··· The data ···

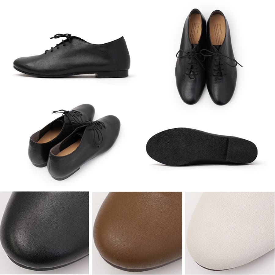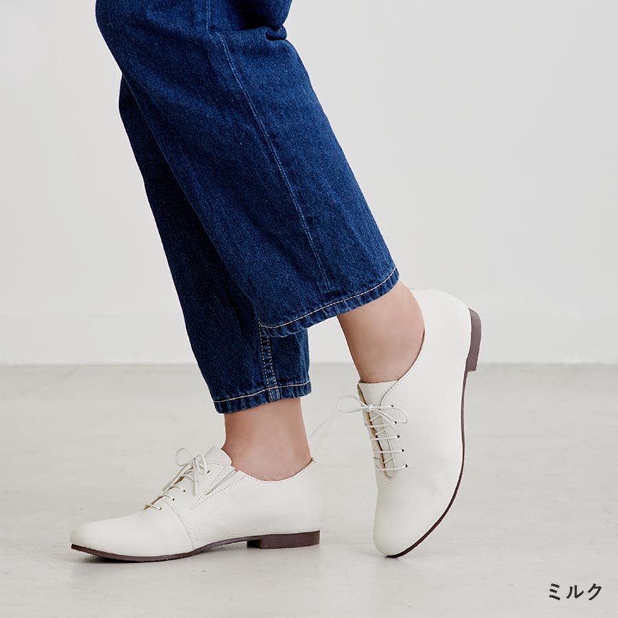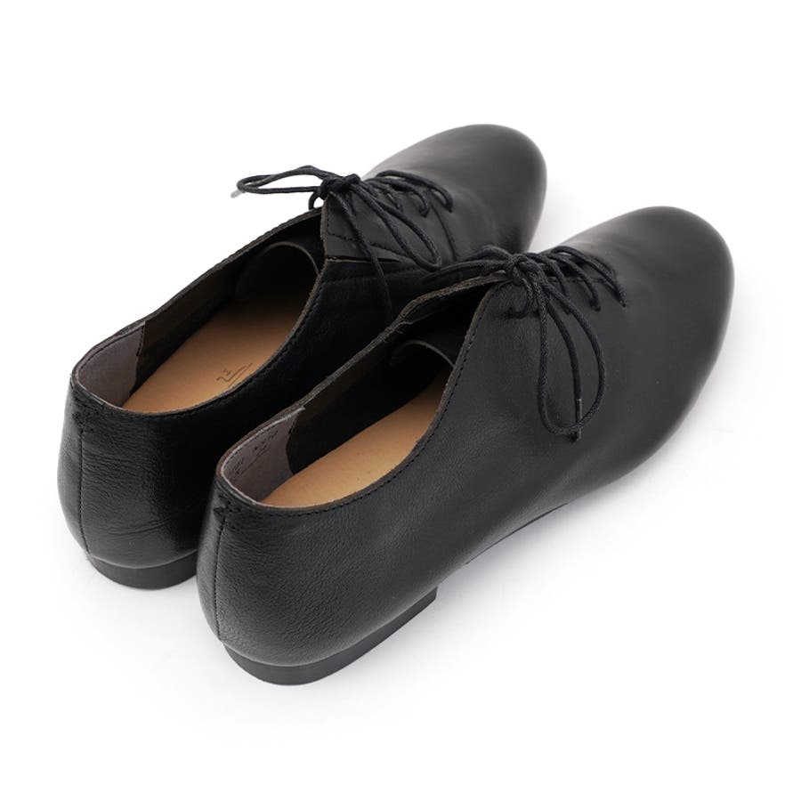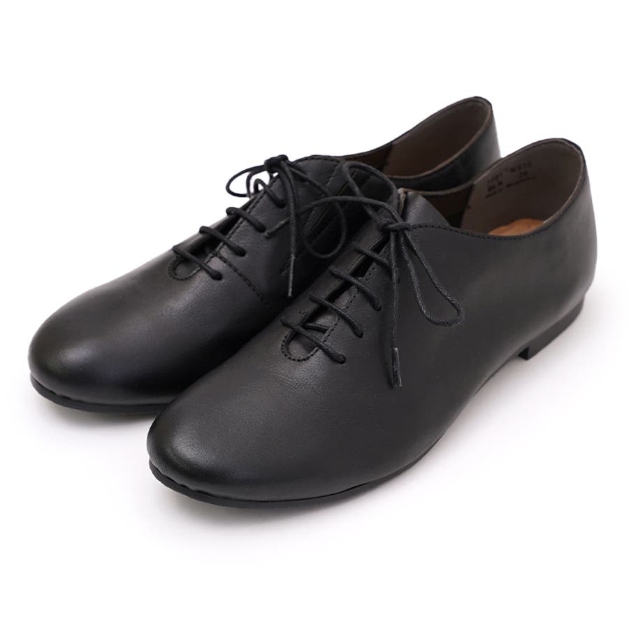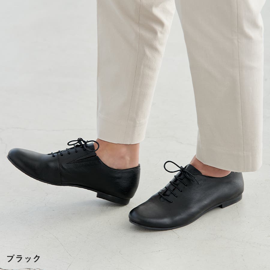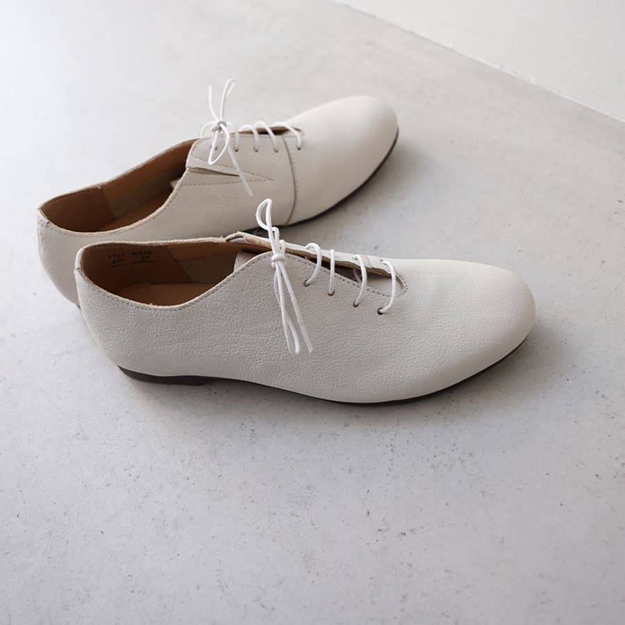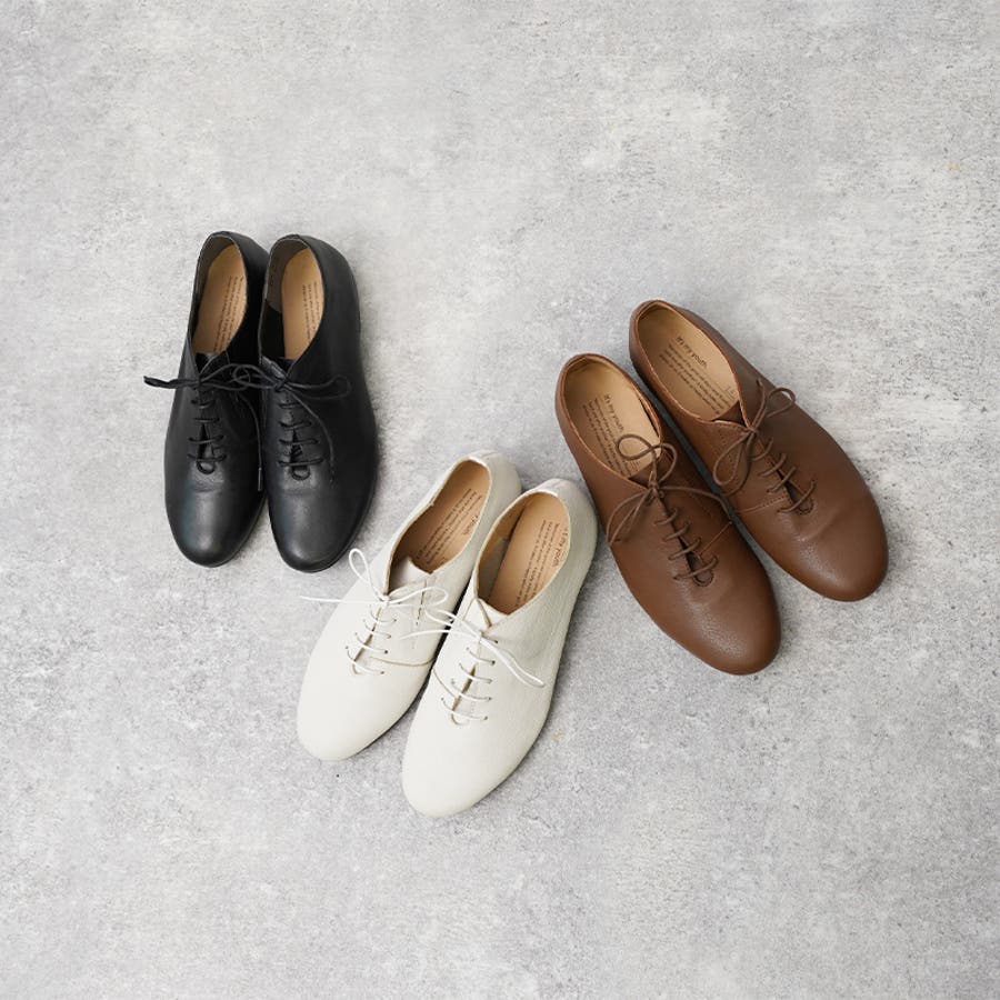 マニッシュで気取らない雰囲気のレースアップシューズ。 ベーシックな3色展開で、飽きのこないスタンダードなデザインが魅力です。 -POINT1- 一枚革ならではの上質な柔らかさ。 つま先・かかとは固い芯材を仕様していないので、 足に優しくフィットします。 -POINT2- サイドに隠しゴムが付いているので、着脱がしやすいのも嬉しいポイント。 -POINT3- 歩行時に足に負担をかけにくい、片足約210gの軽量仕様。 -POINT4- 中敷きには程よく沈む3mm厚の低反発クッションをひき、 長時間の歩行でも疲れにくい。 |
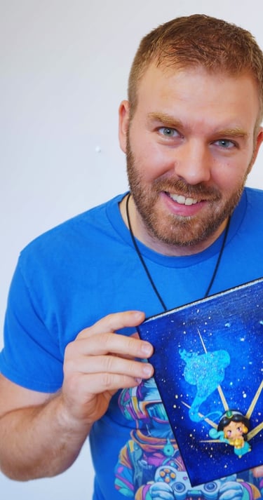 Mon art est né d’un besoin d’évasion : après des années dans l’horlogerie et la joaillerie, un monde où tout doit être parfait au millimètre près, j’ai ressenti l’envie de peindre librement. Très vite, mes toiles ont trouvé leur voie : elles sont devenues un terrain de jeu où l’abstraction rencontre la culture geek.
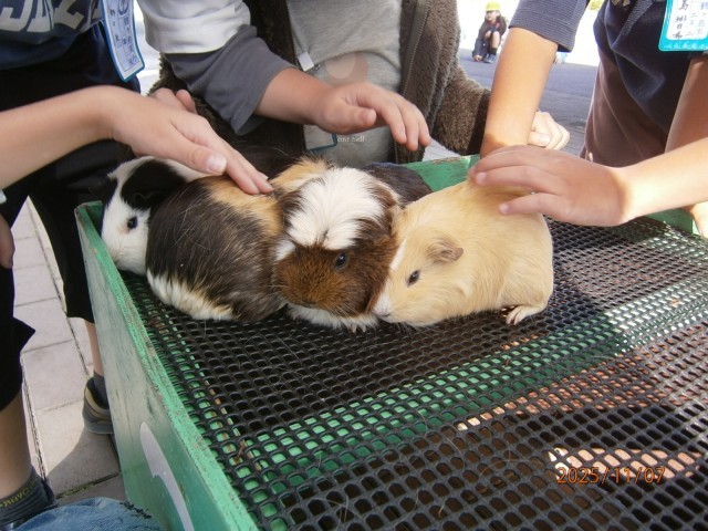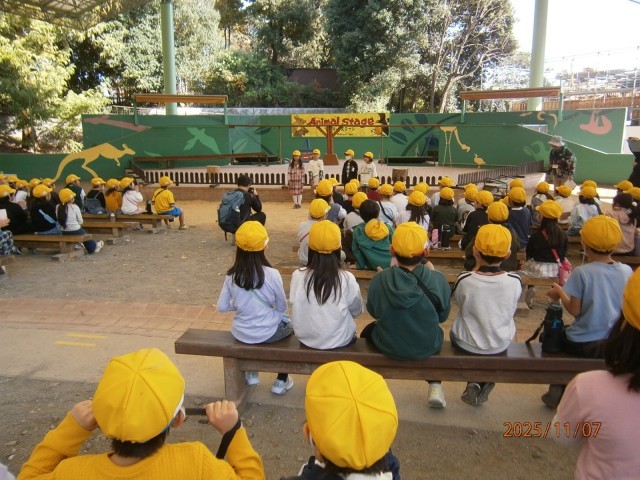 本日、1・2年生は東松山市のこども動物自然公園に校外学習に行きました。天気がよく、多くの学校や幼稚園が来園していました。南小の1・2年生はたてわりの班をつくり、2年生が1年生と手をつないで、1年生のペースでポニーやキリン、コアラなどいろいろな動物見て回りました。また、最後にはふれあいコーナーにてモルモットを撫でて、癒されました。2年生が1年生に優しく声をかけている姿がとてもお兄さんお姉さんに見えて立派でした。
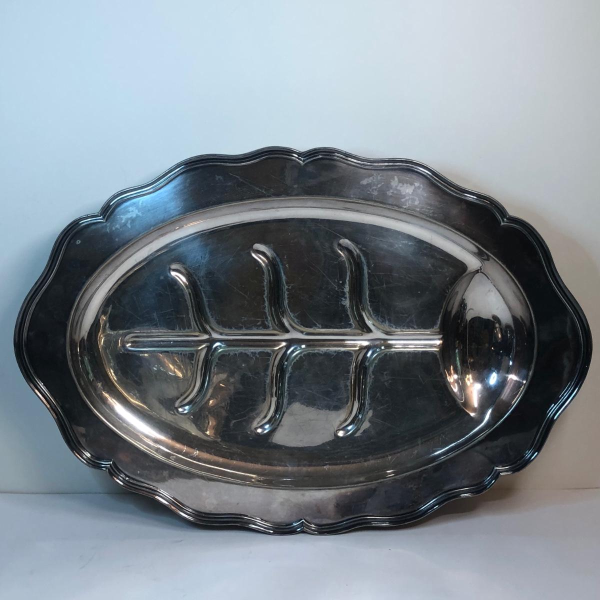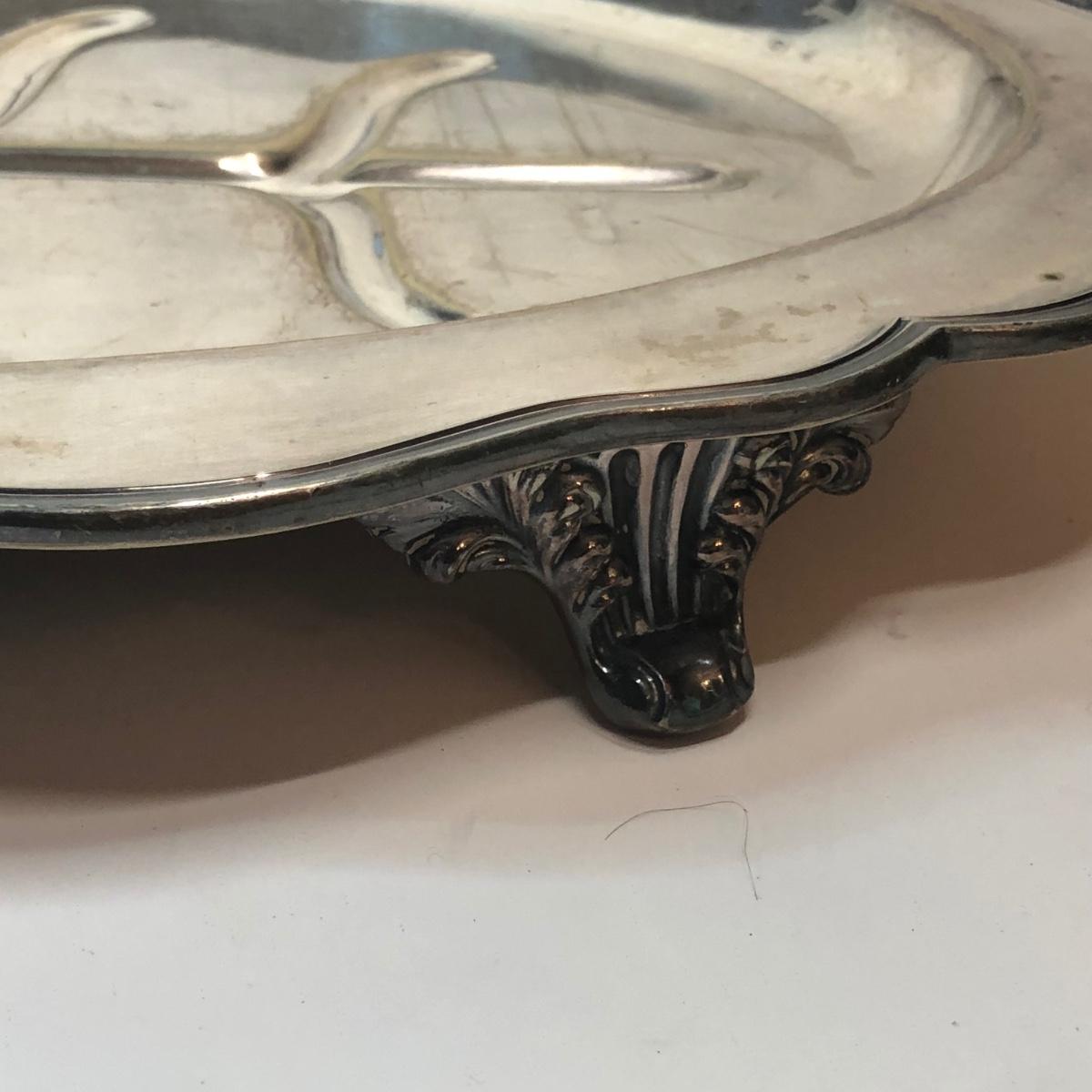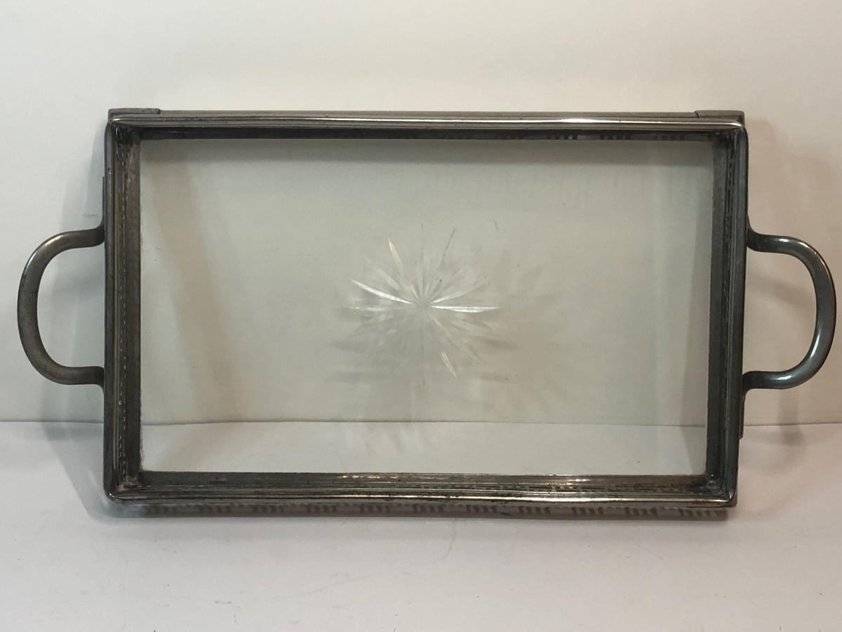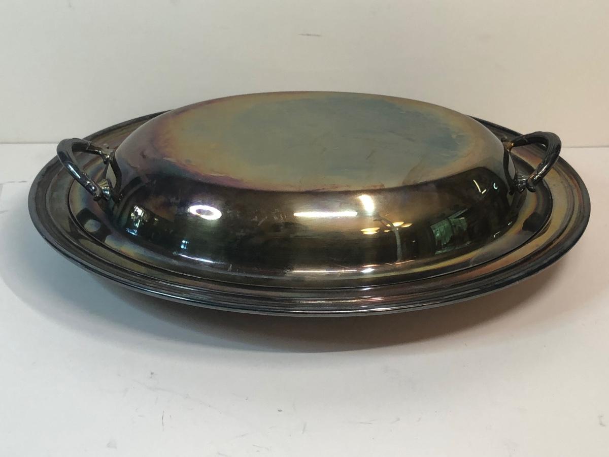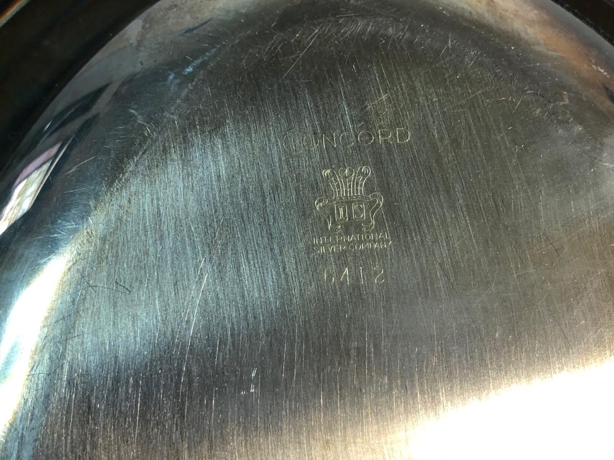 LOT 181M: Silverplate Serving Collection - Sheffield Meat Tray, Towle Candlesticks, Glass Bottom Tray, Gravy Boat w/ Dish, Lidded Concord Serving Dish

···

## Required action
Restate the whole listing above exactly, please, omitting every image.

## Exercise solution
 マニッシュで気取らない雰囲気のレースアップシューズ。 ベーシックな3色展開で、飽きのこないスタンダードなデザインが魅力です。 -POINT1- 一枚革ならではの上質な柔らかさ。 つま先・かかとは固い芯材を仕様していないので、 足に優しくフィットします。 -POINT2- サイドに隠しゴムが付いているので、着脱がしやすいのも嬉しいポイント。 -POINT3- 歩行時に足に負担をかけにくい、片足約210gの軽量仕様。 -POINT4- 中敷きには程よく沈む3mm厚の低反発クッションをひき、 長時間の歩行でも疲れにくい。 |
 Mon art est né d’un besoin d’évasion : après des années dans l’horlogerie et la joaillerie, un monde où tout doit être parfait au millimètre près, j’ai ressenti l’envie de peindre librement. Très vite, mes toiles ont trouvé leur voie : elles sont devenues un terrain de jeu où l’abstraction rencontre la culture geek.
 本日、1・2年生は東松山市のこども動物自然公園に校外学習に行きました。天気がよく、多くの学校や幼稚園が来園していました。南小の1・2年生はたてわりの班をつくり、2年生が1年生と手をつないで、1年生のペースでポニーやキリン、コアラなどいろいろな動物見て回りました。また、最後にはふれあいコーナーにてモルモットを撫でて、癒されました。2年生が1年生に優しく声をかけている姿がとてもお兄さんお姉さんに見えて立派でした。
 LOT 181M: Silverplate Serving Collection - Sheffield Meat Tray, Towle Candlesticks, Glass Bottom Tray, Gravy Boat w/ Dish, Lidded Concord Serving Dish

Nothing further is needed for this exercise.